We observed that the robustness of genomic prediction with WGS data across traits and lines was low, resulting in a drop in prediction accuracy in some scenarios. Previous studies have shown that using the same data for preselecting variants through GWAS and for training the prediction equation can reduce the accuracy of genomic predictions and bias the resulting predicted genomic breeding values [15, 64]. We observed no systematic increase in accuracy or bias when randomly splitting the training set into two distinct subsets, one for GWAS to preselect the predictor variants and the other for training the prediction equation (see Additional file 10: Fig. S9). One possible reason for this result is that the two subsets were not strictly independent because they belonged to the same population.

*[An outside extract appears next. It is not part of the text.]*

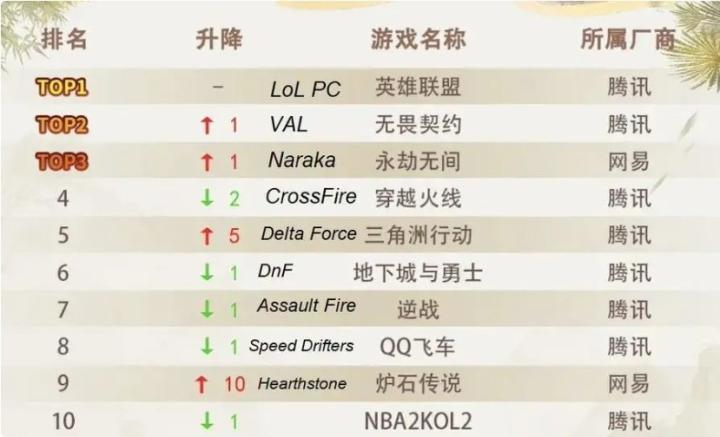 列表中的第二名是另一款来自Riot Games的游戏——Valorant,而第三名则是一款中国的大逃杀游戏《永劫无间》。前十名中还包括了《穿越火线》、《炉石传说》等其他游戏。

The reduction in the number of individuals available for training may also have negatively affected genomic prediction accuracy.
We did not directly evaluate the persistence of the accuracy of genomic predictions across generations, but previous studies with empirical data found that the use of WGS data did not increase the persistence of accuracy [13]. We expect that persistence of accuracy will only improve when causal variants can be successfully identified and their non-additive effects are accounted for.

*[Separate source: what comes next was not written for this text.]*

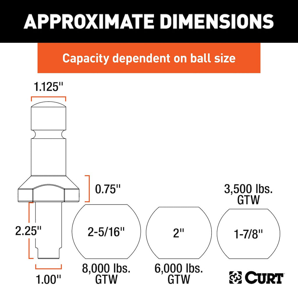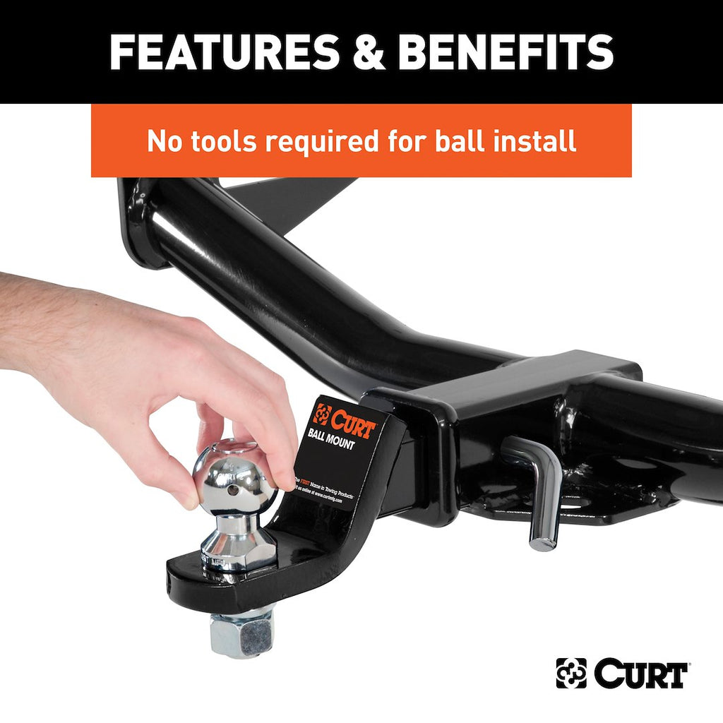 The CURT Switch Ball Trailer Hitch Ball is designed to provide a reliable and adaptable towing experience for various light-duty and medium-duty applications. Featuring an innovative interchangeable ball system, this trailer hitch ball allows for quick and easy adjustments to accommodate different coupler sizes without the need for additional equipment.

Potential pitfalls for the effective use of WGS for genomic prediction
Effective use of WGS for genomic prediction can only be achieved when many other steps are completed to produce genotype data at the whole-genome level. Each of these steps has potential pitfalls that can limit the success of using WGS. This includes optimization of the choice of individuals to sequence, of the bioinformatic pipeline to call variants, of the imputation of the WGS, and of filtering of variants. When combined with the multiplicity of strategies to preselect variants for genomic prediction (which is unavoidable with current datasets, genomic prediction methods, and computational resources), the whole process includes many variables that can affect the final result and that are not yet well understood. Therefore, a much greater effort for optimising the whole process is required. Here, we tested relatively simple approaches to evaluate how they performed with large WGS datasets. We have previously discussed what, in our opinion, are the main pitfalls of our approach for selection of individuals to sequence [52] and the biases that may appear during processing of sequencing reads [47]. Here, we will focus our discussion on imputation of WGS data and its use for genomic prediction.
Imputation accuracy
Imputation of WGS data is particularly challenging because typically a very large number of variants need to be imputed for a very large number of individuals from few sequenced individuals. As a consequence, genotype uncertainty can be high [19, 25, 65, 66]. Accuracy of the imputed WGS data is one of the main factors that may limit its potential for genomic prediction. In a simulation study, van den Berg et al. [25] quantified the impact of imputation errors on genomic prediction accuracy and showed that prediction accuracy decreases as errors accumulate, especially in the testing set.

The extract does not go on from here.